And this is the (kinda huge and unreadable) matrix that approximates the probability distribution required. Entries have been described above, so I'm not repeating myself; however, I'll provide something more useful for you readers, a graphical representation of this big bunch of numbers!

I resized the image a bit to not clutter too much the thread, but it's a little less clear of the high resolution version I have on my PC (also, I'm still not a gnuplot guru, so the graphic could be improved a lot I guess); hopefully, it's still good enough to give you an idea of the system's behaviour. As you can see, there's a big spike near the origin since Stored Power's BP after 1 turn of Moody is always 60. The data keep becoming less spiky when the number of turns increases, and actually follows roughly the graph of the Average Stored Power's BP (which, in fact, is not surprising at all since the latter could be inferred from the matrix even without being explicitly calculated...).

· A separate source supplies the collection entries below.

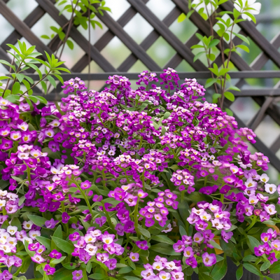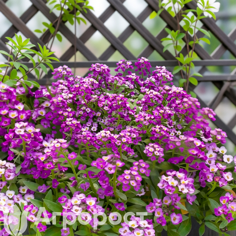 Алиссум (лобулярия морская) — низкорослое почвопокровное растение высотой 10-30 см, образующее плотные цветущие куртины. Листья узкие, серовато-зеленые, во время цветения практически не видны под шапкой соцветий. Мелкие четырехлепестковые цветки собраны в густые кистевидные соцветия и источают сильный медовый аромат, привлекающий пчел и чувствующийся за несколько метров. В ассортименте представлены четыре оттенка: белоснежный "Снежный ковер", нежно-розовый "Розовая королева", лавандовый (серия Clear Crystal) и насыщенный фиолетовый "Фиолетовая королева". Период цветения: с июня по октябрь, до устойчивых заморозков.
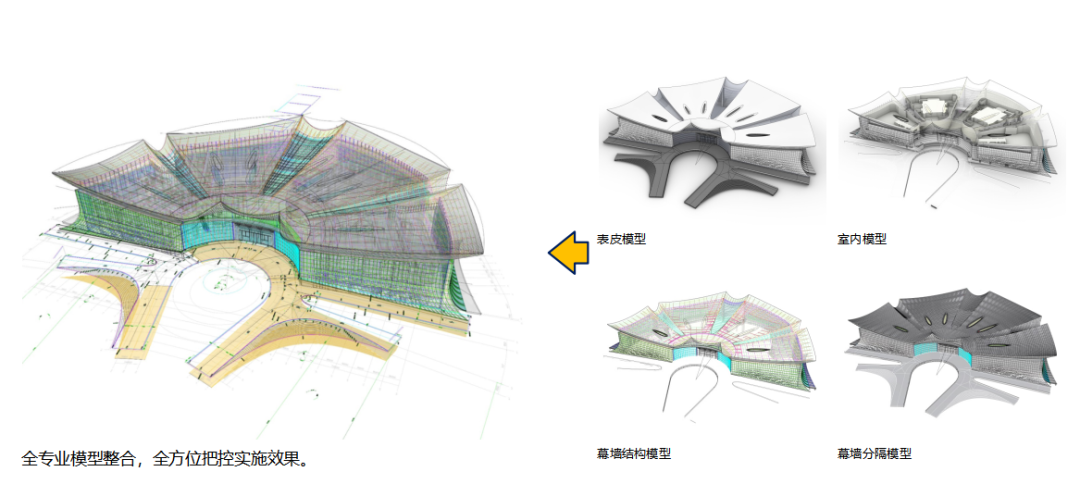 通过建筑结构幕墙一体化数字设计逻辑,实现重要建筑结构的精细化数字控制协同设计;通过建筑设备的精细化建模,实现从室内到管线综合的全过程数字模型精细化设计。
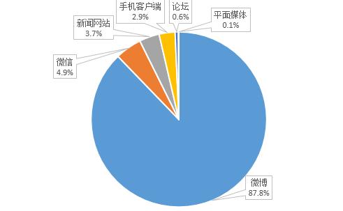 以5月2日~5月16日為監(jiān)測(cè)時(shí)間段,統(tǒng)計(jì)不同媒體平臺(tái)報(bào)道量。從圖2可以看出,占比較高的信息平臺(tái)依次為微博、微信和新聞網(wǎng)站,占比分別為87.8%、4.9%、3.7%。

Oh, if someone wants to re-run the computations, I'm providing the source code of my little sim:

Code and some little notes about it

The code is pretty straightforward and it's commented a bit so you shouldn't have problems reading it, if you want/need to. To run it, you'll need mtwist.h and mtwist.c since I used a Mersenne twister as RNG (I don't trust rand() or other low-quality sources of randomness when I'm going to generate that huge amount of random numbers); you can easily retrieve those files here. Also, when you run it, you better redirect stdout to a file since it's hard to handle all those numbers on a terminal. A typical call the the program is something like this:

$ ./a.out 1000 50 >out.txt

which sets the number of iterations to 1000 and simulates 50 turns of Moody boosting; the obvious redirection operator puts the output on out.txt.

Code:

#include <stdio.h>
#include <stdlib.h>
#include "mtwist.h"

int main(int argc, char **argv){

	int iterations = atoi(argv[1]);
	int turns = atoi (argv[2]);

	long int avg[turns+1];			

	int distr[turns+1][43]; 		//distr[x][y] = turn x, y total positive stat boosts
						//they can range from zero to 7*6=42

	int stats[7];

	int i, j, k;
	int a, b;
	int boosts;

  	mt_seed();

	//initialize average array
	for (i=0;i<turns+1;i++) avg[i]=0;

	//initialize distr array
	for (i=0;i<turns+1;i++){
		for (j=0;j<43;j++) distr[i][j]=0;
	}
	
	//loop for #iterations
	for (i=0;i<iterations;i++){

	//let's see how fast it computes...
	if ((i%(1000000))==0) {fprintf(stderr, "Beginning iteration %d\n", i);}

		//set array of stat boosts to zero
		for (k=0;k<7;k++) stats[k]=0;

		//loop for #turns
		for (j=1;j<=turns;j++){
			boosts=0;

			//generate random numbers in range 0-6 into a and b
			a=mt_lrand()%7;

			while (stats[a]==6) {a=(mt_lrand()%7);}			

			b=(mt_lrand()%7);

			while (a==b || stats[b]==-6) {b=(mt_lrand()%7);}

			//update stats
			stats[a]+=2;
			stats[b]--;
			if (stats[a]>6) stats[a]=6;

			//find # of positive stat boosts
			for(k=0;k<7;k++) {if(stats[k]>0) boosts+=stats[k];}
			

			//update avg for current "turn"
			avg[j]+=boosts;

			//update boosts distribution...
			distr[j][boosts]++;

		}
	}

	//print avg
	printf("Turn\tAvg Stat Boosts\tStored Power Avg BP\n");
	double divisor = (double)iterations;
	for (j=1;j<=turns;j++){
		printf("%d:\t%.2f\t\t%.2f\n", j, avg[j]/divisor, 20+(avg[j]/divisor)*20);

	}

	//print distr
	for (j=1;j<=turns;j++){
		//printf("%d: ", j);
		for (k=0;k<=42;k++){	
			double val = distr[j][k]/divisor;		
			printf("%.6f ", val);
		}
		printf("\n");
	}


}

This is pretty much all. Again, the theoretical relevance of this work is negligible, but it outlines pretty well the rough behavior of the Moody pokemon left boosting for 50 turns; if someone has a better idea for an analytical solution, I'll be glad to read it!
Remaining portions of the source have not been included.